BERLIN, Germany, March 18, 2002 (ENS) - Anti-whaling demonstrators are making their views known at the International Tourism Exchange ITB Berlin taking place this week. From March 16 to 20 more than 10,000 exhibitors from around the world showcase their offerings to tourists and the industry at the leading trade fair for the global tourism industry.

The European Community on Protection of Marine Life (ECOP) is asking the tourists of the world not to visit the tourist attractions of whaling nations.
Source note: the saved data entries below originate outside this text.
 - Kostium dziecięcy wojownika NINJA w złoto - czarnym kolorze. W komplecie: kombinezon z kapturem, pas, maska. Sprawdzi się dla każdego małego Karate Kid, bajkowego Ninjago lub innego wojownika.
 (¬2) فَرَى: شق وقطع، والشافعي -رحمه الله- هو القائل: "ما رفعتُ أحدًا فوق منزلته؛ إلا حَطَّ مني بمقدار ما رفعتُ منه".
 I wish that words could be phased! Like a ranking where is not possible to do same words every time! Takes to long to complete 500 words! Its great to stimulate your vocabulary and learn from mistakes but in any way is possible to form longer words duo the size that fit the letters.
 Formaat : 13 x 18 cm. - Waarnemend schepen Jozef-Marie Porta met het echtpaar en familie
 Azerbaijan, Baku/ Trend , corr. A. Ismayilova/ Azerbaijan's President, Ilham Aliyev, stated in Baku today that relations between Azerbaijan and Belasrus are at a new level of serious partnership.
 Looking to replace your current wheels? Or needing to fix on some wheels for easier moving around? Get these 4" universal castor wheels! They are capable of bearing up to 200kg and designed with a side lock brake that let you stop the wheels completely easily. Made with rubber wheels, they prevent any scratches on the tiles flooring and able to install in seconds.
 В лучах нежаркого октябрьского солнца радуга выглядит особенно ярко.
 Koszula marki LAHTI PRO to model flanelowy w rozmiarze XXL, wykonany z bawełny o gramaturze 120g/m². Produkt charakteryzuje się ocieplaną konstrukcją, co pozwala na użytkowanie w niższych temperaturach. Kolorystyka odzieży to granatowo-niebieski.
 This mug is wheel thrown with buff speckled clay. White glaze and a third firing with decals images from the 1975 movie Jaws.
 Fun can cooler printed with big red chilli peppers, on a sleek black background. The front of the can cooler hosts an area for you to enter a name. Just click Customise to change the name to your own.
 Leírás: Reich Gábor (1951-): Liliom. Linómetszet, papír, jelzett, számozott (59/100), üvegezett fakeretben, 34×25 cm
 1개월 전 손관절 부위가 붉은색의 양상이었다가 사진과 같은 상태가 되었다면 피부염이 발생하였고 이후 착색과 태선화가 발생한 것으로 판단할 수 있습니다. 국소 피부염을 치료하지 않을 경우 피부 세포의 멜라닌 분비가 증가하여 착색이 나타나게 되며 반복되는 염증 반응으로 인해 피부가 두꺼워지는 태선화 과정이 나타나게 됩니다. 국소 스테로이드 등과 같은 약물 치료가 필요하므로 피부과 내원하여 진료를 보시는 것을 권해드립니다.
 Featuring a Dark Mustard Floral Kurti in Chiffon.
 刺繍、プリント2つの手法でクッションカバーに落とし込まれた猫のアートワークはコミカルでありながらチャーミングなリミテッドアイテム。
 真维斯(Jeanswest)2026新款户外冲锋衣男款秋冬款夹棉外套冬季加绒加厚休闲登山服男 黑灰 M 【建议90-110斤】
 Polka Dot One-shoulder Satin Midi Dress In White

The group is engaged in an email campaign to gather support a boycott of holiday visits to whaling nations.

boothJapan's booth at ITB Berlin (Photo courtesy Asia Travel Tips)

They will be demonstrating at ITB Berlin and are asking for public support.

"This also should be the message from you, which the representatives of Japan, Norway and Denmark (Faroe-Islands) should - together with empty order books - carry home to their states. Again and again everybody has to do this and as long as the slaughter of the whales is not stopped," the group says in its email appeal.

"All whaling nations have one common denominator," ECOP says. "They ignore the wish of the vast majority of the world population, which demands to just leave the whales in peace."

ECOP is outraged by the behavior of whaling nations, particularly Japan, which it terms the Whale Killer No. One, the "world-wide the driving force behind the ongoing whale slaughter."

The Japanese exhibit at ITB Berlin can be found at Hall 26a, Stand Nr. 19, and ECOP wants demonstrators to show up there to express their opposition to whaling.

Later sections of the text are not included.